Will we all throw down $499 for one of these sexy toys? Well, no not every one, but in a year's time we all know the cost will be $299 for version one and that in true Apple manner, there will be a regular hardware update, including memory upgrades, cameras, video conferencing, etc. When the price point drops, these will become everyday household implements. You pick up an iPad in the kitchen, check your mail, then wander into the living room, pick up another one and text a friend. Anyone can watch, read and play what they want, when they want -- it's a true media consumption machine.
What it is not, however, is a replacement for a laptop or desktop. The iPad is not going to manage your Microsoft Word and Excel files -- but it's not meant to either. Sure, if you downloaded Apple's version of Microsoft Office (Numbers, Pages and Keynote) and import a PowerPoint file from an e-mail, as I did recently, it will work perfectly in Keynote. But the iPad is NOT meant to replace your laptop. The iPad is a content device.

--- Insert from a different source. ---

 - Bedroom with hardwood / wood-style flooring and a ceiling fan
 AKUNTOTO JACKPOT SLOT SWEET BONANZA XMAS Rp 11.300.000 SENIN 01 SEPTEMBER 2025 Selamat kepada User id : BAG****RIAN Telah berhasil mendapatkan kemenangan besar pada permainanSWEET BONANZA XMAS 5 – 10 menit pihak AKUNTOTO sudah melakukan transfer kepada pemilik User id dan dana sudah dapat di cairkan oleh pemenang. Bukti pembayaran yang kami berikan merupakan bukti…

What the iPad is, definitely, is another wake-up call to traditional media. In under ten years, everything will be on demand, no appointment to view. Products like the iPad will enable anyone to watch anything anywhere. Will it be the savior of the print world? It seems hard to believe that the media dinosaurs will get their act together, but there are some promising signs. On the iPad, The Wall Street Journal is brilliant; USA Today is very good; but The New York Times is a bit crappy. I can only imagine how the magazine world will explode on the iPad. I love Zinio, which allows you to buy thousands of magazines, download them to their player and read them. If you pass any corner newsstand, there are more magazines that you have never heard of on display than ever before. They have always sold their advertising against fictitious readership numbers based loosely on subscription and rack sales multiplied by ridonkulous per magazine repeat reader numbers (I know all about this because I used to run one and sell the advertising). But the iPad enables real figures. At first, I predict they will be small, but soon, as magazines finally transfer over to the web and digital delivery, advertisers are going to expect accurate numbers - numbers that the iPad can deliver. Eeeek! That's the sound of a thousand magazine ad sales people and publishers topping themselves. The iPad will not save the print world, but I do think it's the beginning of a potential turn-around.

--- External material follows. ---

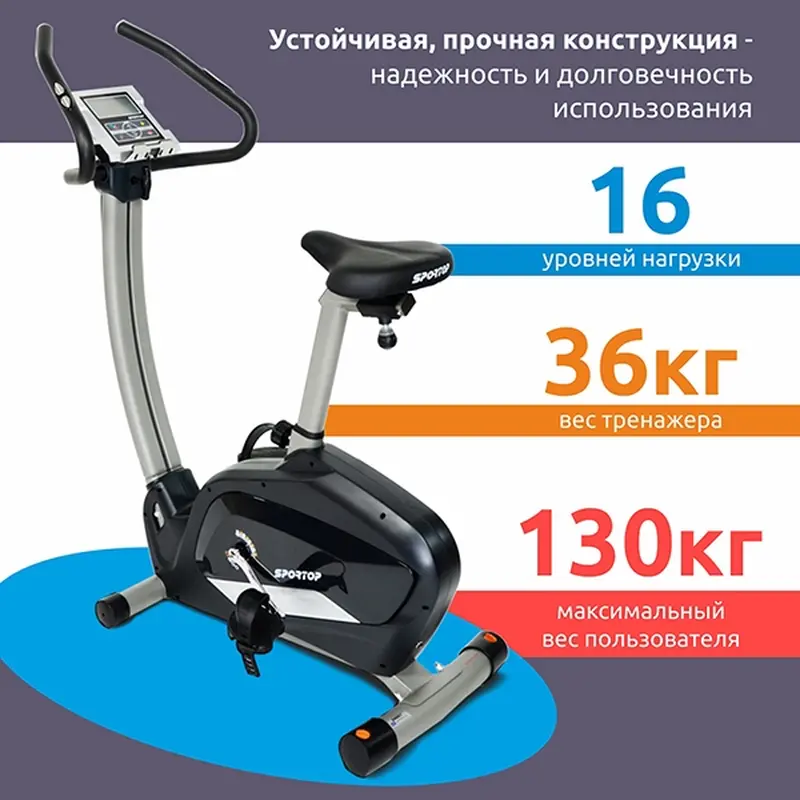 Велотренажер Sportop B800P+ - базовая модель в линейке велотренажеров Sportop, стильная и надёжная, сразу стала бестселлером продаж в своей ценовой категории! Качественный тренажер для дома для тех, кто обращает внимание на динамичный дизайн, вес тренажера, стабильность конструкции, удобство и комфорт во время тренировок.

So, let's not find fault with the iPad…after all, with one million iPads sold in 28 days, it's easy to see that the iPad is a BRILLIANT content delivery machine and, as usual from Apple, the shape of things to come.
Things I love on the iPad:
- ABC Player
- NPR (superb interface)
- Angry Birds (superb game that I'm addicted to)
- Wall Street Journal
- Yahoo Entertainment (big kudos, this experience is superb)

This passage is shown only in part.